В доме Князь снял с плеча автомат, повесил на стену. Предложил: располагайтесь.

Гурон опустился на шикарный кожаный диван, прожженный сигаретами, Анфиса присела рядом. Гурон с интересом осматривался: дорогая мебель, камин, наполненный пустыми бытылками, канделябры… на стене – пустая рама с осколками зеркала, большая карта Югославии, дыры от пуль… масса оружия… ящик с гранатами – знакомая фронтовая обстановка.

Князь сказал:

– Вот так и живем… сейчас ребята баньку смастрячат, приготовят завтрак… или уже, пожалуй, обед?.. Потом отдохнете, а пока давайте познакомимся. Я командир русского добровольческого отряда. Зовут Евгений, но ребята прозвали Князем. Называйте, как вам удобней… Для начала я должен сказать: спасибо, Иван. Без твоей подмоги… ну, в общем, сам понимаешь. Спасибо.

Гурон пожал плечами:

– Да не за что.

Помолчали. Потом Князь сказал:

– Расскажите о себе.

– Мы… домой идем.

– Откуда? – спросил Князь с искренним интересом.

– Издалека.

– Понятно… не хочешь говорить – твое право. Может, выпьем за знакомство?

– Можно.

Князь принес бутылку "Хеннесси", коньячные бокалы и плитку шоколада. Налил. Чокнулись, выпили, закурили, помолчали… Гурон почувствовал, как побежало по телу коньячное тепло. Князь хотел что-то спросить, но тут вошел боец, сказал:

– Баня готова, Князь.

Князь поднялся:

– Отлично… все разговоры потом. А сейчас – извольте в баню. Я вас провожу.

Спустились в подвал, Князь распахнул дверь. Открылось просторное помещение, отделанное деревом и кованой бронзой. Внутри был бассейн, сауна и бар. Из чудом уцелевшего витражного окна на уровне земли падали разноцветные отсветы. Подсвечивая гостям керосиновой лампой, Князь сказал:

– Раньше здесь все было по-другому… Сауна была на электричестве. Теперь электричества нет.

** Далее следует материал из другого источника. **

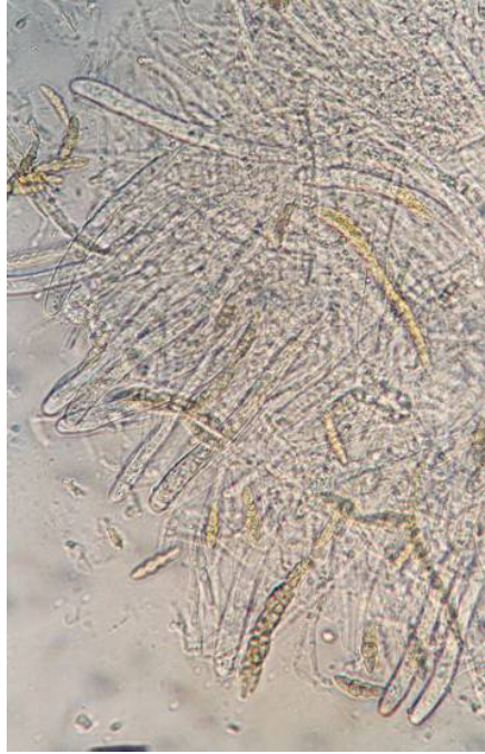
Figure 5. Asci and ascospores of Leptosphaeria rubicunda (640 x).
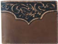
8146000 Color: 210 Tan 0049-2450
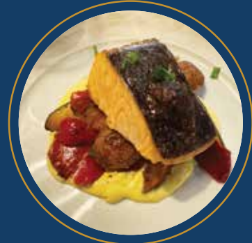
Norwegian Salmon 挪威三文鱼
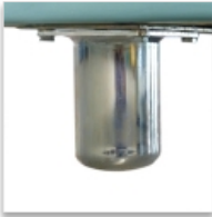
4 metal feet Ø 60 mm
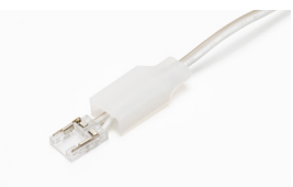
TL-WL6FT-COB67 Tape to wire with 6FT wire lead (10mm)

Теперь – вот так. Но помыться и попариться можно… простыни, веники – все в наличии.

Тени бродили по стенам, тонули в глубине пустого бассейна. Гуляло эхо, где-то шуршали мыши. В свете лампы блестела шеренга бутылок на стойке бара. Князь передал Гурону лампу, повторил мрачно:

– Раньше здесь все было по-другому.

Гурон понял: Князь говорит не о бане – о стране… Князь пожелал, чтобы пар был легким, повернулся и вышел.

Анфиса посмотрела на Гурона… робко… робко… Гурон поставил лампу на стойку бара. Вытащил из-за ремня, из карманов четыре пистолета, положил их туда же. Дребезжа, прокатилась по стойке, упала на пол и разбилась пустая бутылка. Гурон снял грязный пиджак, повесил на спинку стула, сорвал рубашку. За спиной зашелестела одеждой Анфиса… Гурон посмотрел на шеренгу бутылок, высматривая, нет ли чего выпить. Нашел…

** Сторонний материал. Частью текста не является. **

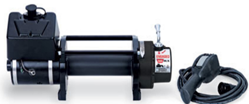
Fig. 5 Net winch

A net winch is used solely for lifting the net from under the sea when the net has been filled with a sufficient amount of fish. Two winches, as shown in Fig. 5, are employed for the lifting operation, one on each side of the inner hull of the catamaran. Ropes are tied to the upper edges of the net and rolled on the winch drum (Regnu Rama Das 2017). The winch itself is run through an electric motor powered by a set of batteries. The power required to run the net winch is from the maximum load of the winch multiplied by its work time.

– Коля, – позвала Анфиса. Гурон обернулся. Анфиса стояла обнаженная, высокая, стройная… ее лицо тонуло в тени, а тело… тело почти светилось в дрожании керосиновой лампы. Гурон застыл… Прошло больше трех суток с того момента, как он закатился в "Эммануэль". К проститутке. Прошло уже больше трех суток, которые они провели вместе, бок о бок… а между ними еще не было физической близости… Пламя лампы подрагивало, выхватывало из темноты обнаженное женское тело с упругой грудью, плоским животом и стройными сильными ногами…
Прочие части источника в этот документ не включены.